Actions over words: “Hope is not a strategy”
Jay emphasizes that repeated behaviors define the relationship you’re actually in. He lists common patterns—disappearing, boundary-breaking, chronic apologizing without change—and argues that your job is to believe the evidence, not the narrative.
Control isn’t love: when “helping them change” becomes covert control
Jay reframes fixation on changing someone as an attempt to soothe your own discomfort—fear of abandonment, uncertainty, or being disliked. He draws on codependency concepts to highlight that you can’t force a person into a different identity.
Real life compatibility: charisma doesn’t pay bills or share chores
Jay brings the conversation down to everyday reality: finances, responsibilities, boredom, and routine. He notes that being impressed by aura and words can hide practical incompatibilities that become unavoidable over time.

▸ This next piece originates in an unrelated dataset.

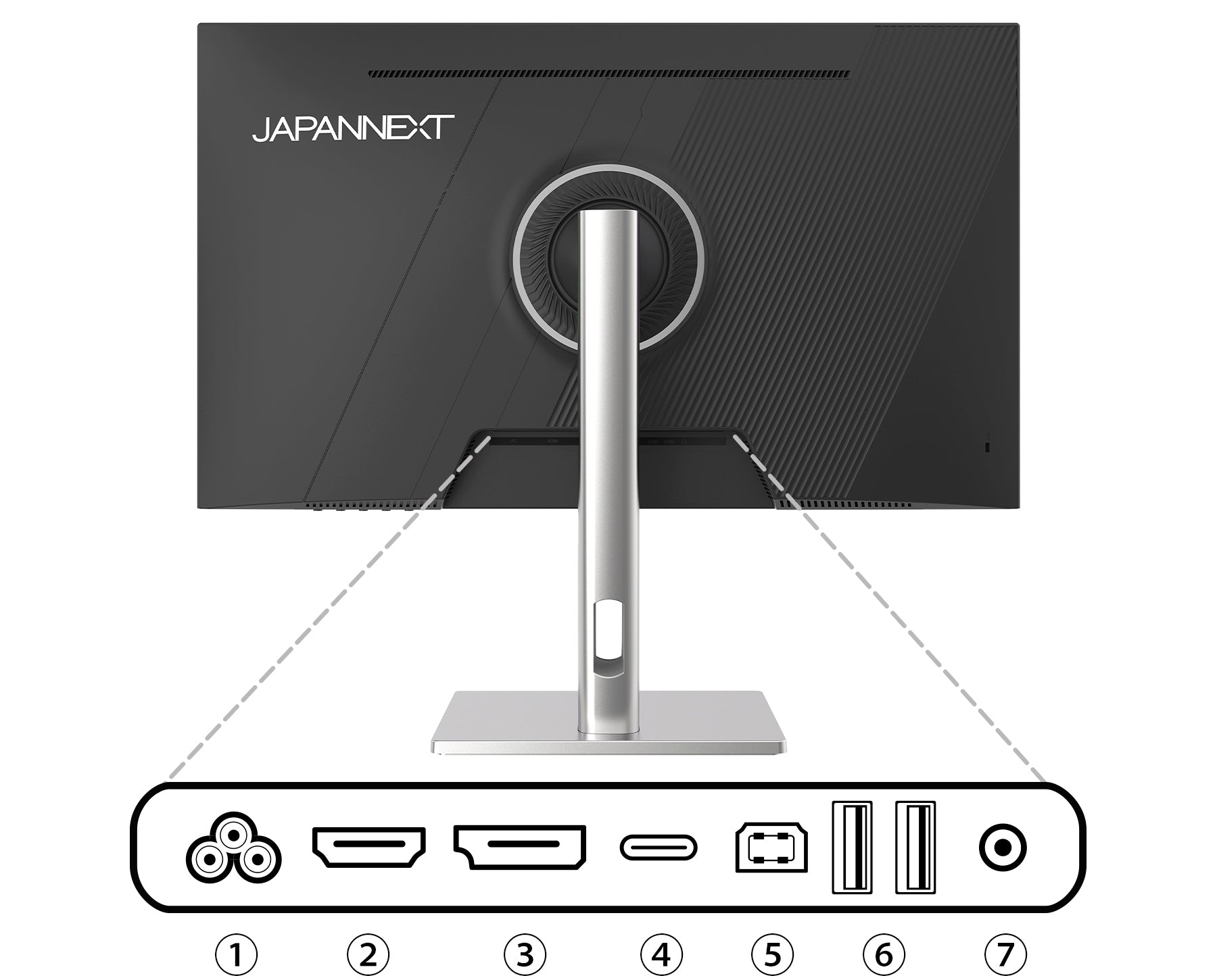 100x100mmのVESAマウントに対応しますので、別売りのモニターアームなどに使用が可能です。

Radical acceptance (DBT & Buddhism): see reality clearly without resigning yourself
Jay explains radical acceptance as fully acknowledging what is, so you can choose wisely—not lowering standards or tolerating disrespect. The pain comes from the gap between what you want reality to be and what it actually is.
Why people stay—and why those reasons backfire
Jay identifies two common traps: staying to avoid loneliness and staying to wait for change. He argues both paths often extend suffering, and reframes tolerance as temporary clarity-seeking while you decide what you will and won’t live with.
You’re their environment, not their sculptor: what actually influences change
Jay uses the metaphor of soil and plant growth to show that you can support someone but can’t transform them by force. He contrasts expectations (Pygmalion effect) with the stronger power of social environment and mutual investment.
The most loving option can be distance or letting go
Jay suggests starting with distance and moving to disconnection if needed, citing research that disengaging from unchangeable situations can improve wellbeing. He uses a Rumi story to highlight how closeness with anger can still mean emotional distance.
Priorities vs preferences: the only controllable decision is whether you stay
Jay closes by distinguishing non-negotiable priorities from flexible preferences, and noting people change in unpredictable directions across seasons. The focus returns to personal agency: you control your boundaries, actions, and choice to remain or leave.